L S Rokade writes in his poem “To Be Or Not To Be Born”,
I spit on this great civilisation
Is this land yours, mother,
only because you were born here?
Is it mine
only because I was born to you?
Sorry mother, but truth to tell,
I must confess I wondered
Should I be born
Should I be born at all into this land?
Trymbak Sapkale says in a hybrid Marathi-English,
Amhi god maker (We are god makers)
bajavato notice tujhyavar (We serve a notice on you)
negligence of dutychi (For negligence of duty)
Your services are not required.
These were the angry poets of the 1970s and after. But before they arrived, there was another, Baburao Bagul, whose impassioned short stories pitchforked readers out of their well-lit world into one that was dark, desperate and dangerous.
Baburao Bagul was born circa 1930 in a village near Nashik in a desperately poor family. At ten years old he was sent to Mumbai to live with his maternal aunt in the Matunga Labour Camp. This was a colony built by the BMC for migrant dalit labour from the interiors of Maharashtra, located on a piece of marshy, mosquito-infested land abutting Dharavi in central Mumbai. Bagul's school education ended with matriculation, after which he did several odd jobs till he found permanent employment in the railways. The Labour Camp at that time buzzed with intellectual activity. The Communist Party held regular study circles there and Dr Babasaheb Ambedkar's Scheduled Caste Federation office was also located there.

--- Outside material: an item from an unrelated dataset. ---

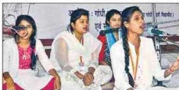
काशी विद्यापीठ के गांधी अध्ययनपीठ में मंगलवार को गांधी सद्भावना यात्रा के स्वागत में गीत प्रस्तुत करती प्रेरणा कला मंच की कलाकार।

Marxist and Ambedkarite ideologies came to form the foundation of Bagul's thought, and gave his writing muscle.
In 1963, ten of Bagul's stories appeared in a collection titled Jewha Mi Jaat Chorali Hoti, (When I Concealed My Caste). The book created such a stir that Bagul was interviewed by The Times of India and Maharashtra Times, while the Marathi mainline dailies, Navakal and Navashakti, ran editorials about him and his work. It is often said that Jewha Mi Jaat Chorali Hoti gave a new momentum to dalit writing. This does not mean that the collection suddenly galvanised dalit writers into writing. Writers like Shankarrao Kharat and Anna Bhau Sathe, were already writing stories that had won them admiration. One of the factors that must have contributed to the upsurge of dalit writing in the 1960's is education, which gave dalit youth a sense of self-worth. The People's Education Society, of which Dr Babasaheb Ambedkar was chairman, had founded the Siddharth College of Arts and Science in Mumbai in 1946, and the Milind Mahavidyalaya in Aurangabad in 1950, to encourage Scheduled Caste and Scheduled Tribe youth to choose education as a path to a better life. However, what Bagul's stories did do, was to give dalit writing a public face. His work told writers that they could write about their universe of experience without worrying too much about established norms of literary construction and language.
It is 50 years since Jewha Mi Jaat Chorali Hoti was published. Its 11th edition, published in April this year, proves that these stories continue to exercise power over the reader's imagination. Perhaps this is a good time to ask what it is about them that has made the collection such a landmark in Marathi literature; and also a good time to look at the directions in which dalit literature has moved since then.
The impact of Bagul's stories comes from the monumental characters he creates, the live-or-die situations he places them in and the ferociously driven prose in which he describes their ordeals. Bagul's unnamed protagonist in the title story of Jewha Mi Jaat Chorali Hoti, tries to escape cruel discrimination by concealing his caste. When his prospective landlord asks him about his caste, he replies, "How dare you ask me my caste? Me? I am a Mumbaikar. One who fights for truth, dies for it, carries weapons on its behalf, liberates Bharat, gives it power. Do you understand? Or do you want me to repeat myself? Sing to you the ballad of our great deeds?" When his caste is finally revealed, he is beaten to within an inch of his life. Kashya, a knife-carrying dalit worker, rescues him and asks, "How could you have allowed those men to beat you up like that?" The protagonist replies, "It wasn't they who beat me. It was Manu."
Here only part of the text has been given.